Cairn’s transformation over the last five years has given birth to a new full-cycle E&P company, with two projects under construction in the UK and a large exploration portfolio in the Atlantic Margin. The jewel in Cairn’s portfolio is Senegal, where it made one of the world’s largest offshore oil discoveries in 2014 (SNE). While the market will be closely watching Cairn’s Senegal drilling campaign starting in Q415, an even more material valuation lever for the stock is the outcome of the $1.6bn Indian tax dispute. In an environment where many independents are struggling to secure funding, Cairn is in the comfortable position of being fully funded until first oil from Catcher and Kraken in mid-2017. Cairn’s conservative strategy may reflect its mixed track record on past frontier exploration (outside Senegal) and M&A. Despite this, our RENAV of 216p/share offers reasonable upside at a much lower risk profile than many E&Ps.
Cairn is two years away from first oil at Catcher and Kraken (30% of our RENAV). The start-ups will turn the company into a self-funding E&P with the ability to reinvest cash flows into exploration and development. Meanwhile, investors should focus on the upcoming Senegal exploration campaign. Two appraisal wells on SNE and one exploration well (likely on the shelf edge) could raise confidence in the commerciality of the 330mmbbls SNE discovery. Senegal is key as it is Cairn’s main operated asset and only real exploration success over the last five years.
The $1.6bn Indian tax dispute has been a thorn in Cairn’s side but has not affected its investment plans or strategy.

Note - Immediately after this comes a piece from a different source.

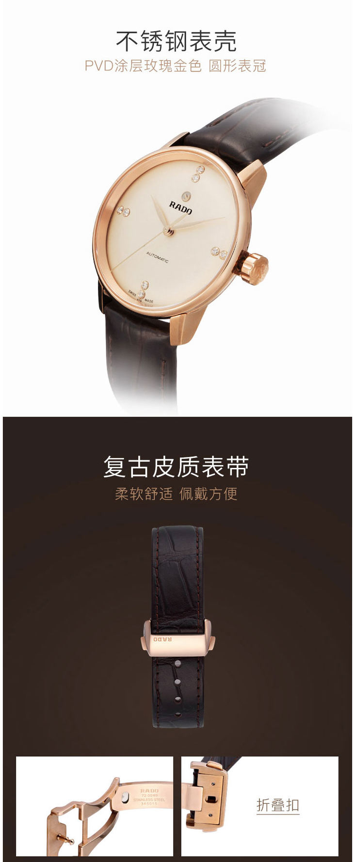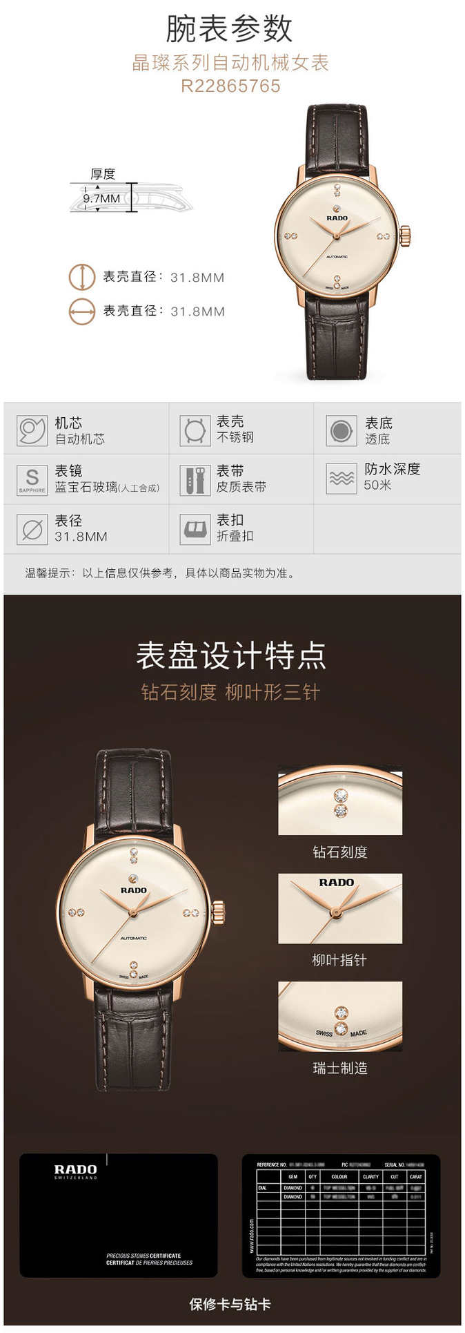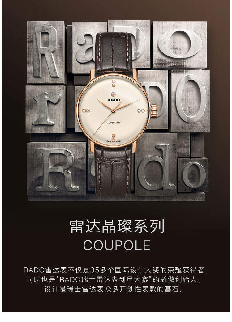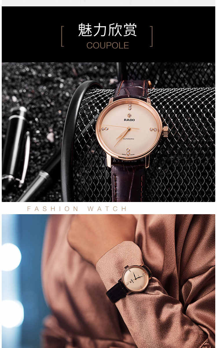 RADO雷达手表 晶璨系列女士皮质表带情侣机械钻表 R22865765 单位:块 金色

Assuming the liability is not likely to be enforceable outside India, the maximum downside would be a write-off of the entire $530m (59p/share) Cairn India stake, which we think is already priced in by the market.

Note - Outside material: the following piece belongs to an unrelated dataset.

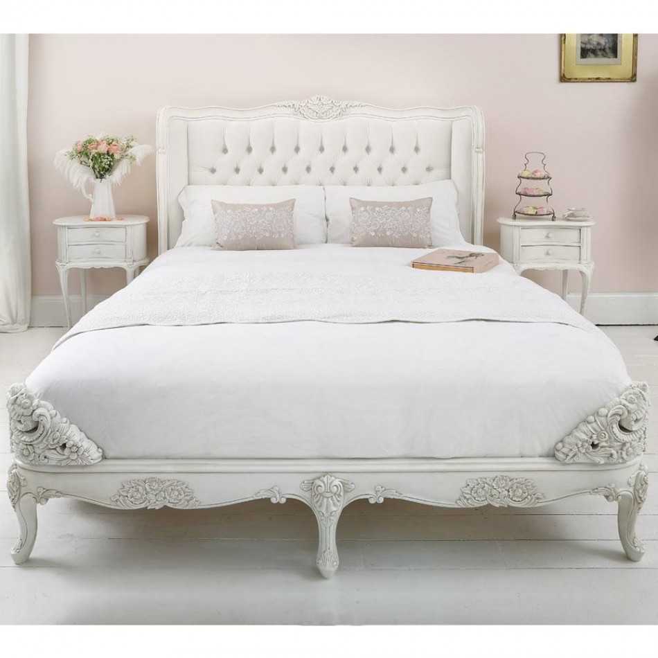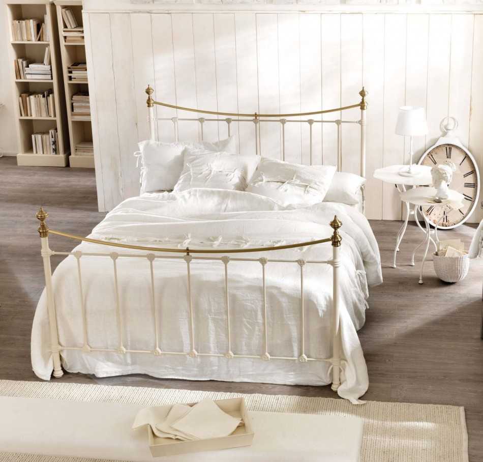 Кровати — деревянные или металлические, с обязательной спинкой, которую можно оформить в белом цвете. При этом кровать в достаточно простом, даже грубоватом исполнении может иметь резную спинку. Если каркас кровати — из металла, то спинка непременно должна быть кованой, или декорирована резными элементами.
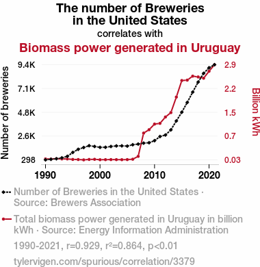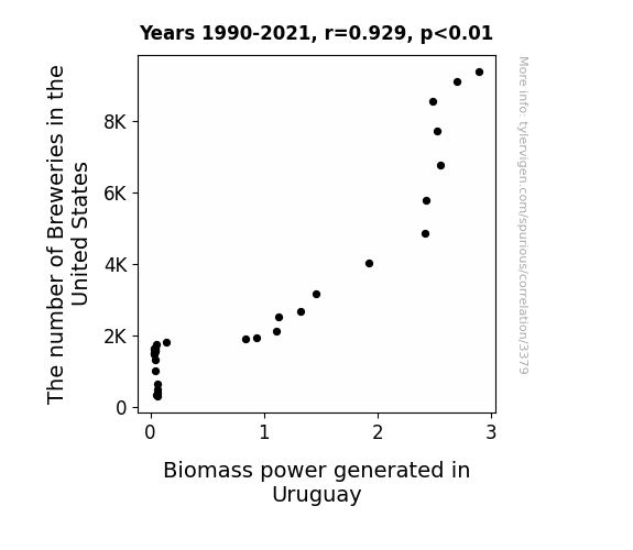 User prompt: Please provide potential search keywords for a paper titled Brewing Up Biomass: A Sudsy Connection Between Breweries in the United States and Biomass Power Generation in Uruguay with an abstract of The relationship between the number of breweries in the United States and biomass power generated in Uruguay has long been overlooked in the academic literature. In this study, we delved into this marvellous and quirky area of investigation to unravel the potential interplay between these seemingly unrelated factors. Using data from the Brewers Association and Energy Information Administration, we performed a comprehensive analysis covering the period from 1990 to 2021. Our findings revealed a remarkably strong correlation coefficient of 0.9292523 and a statistically significant p-value of less than 0.01, indicating a robust relationship between the two variables.

Cairn is arguably a lower-risk investment opportunity than E&P peers, as 35% of our 216p/share RENAV and 64% of our 119p/share core NAV sit in its c $700m cash pile (our estimate as of end-June 2015). Unlike many E&Ps, Cairn stands in the comfortable position of being fully funded on its $610m share of development capex and on exploration spend. In the medium term, the key levers for Cairn’s stock price are: the Senegal E&A campaign, which could add 11-24% to the shares; and an Indian tax resolution, which could theoretically add as much as 30%. Estimated future NAV growth is modest at 9-15% pa; however, this is understandable in view of the stock’s lower risk profile.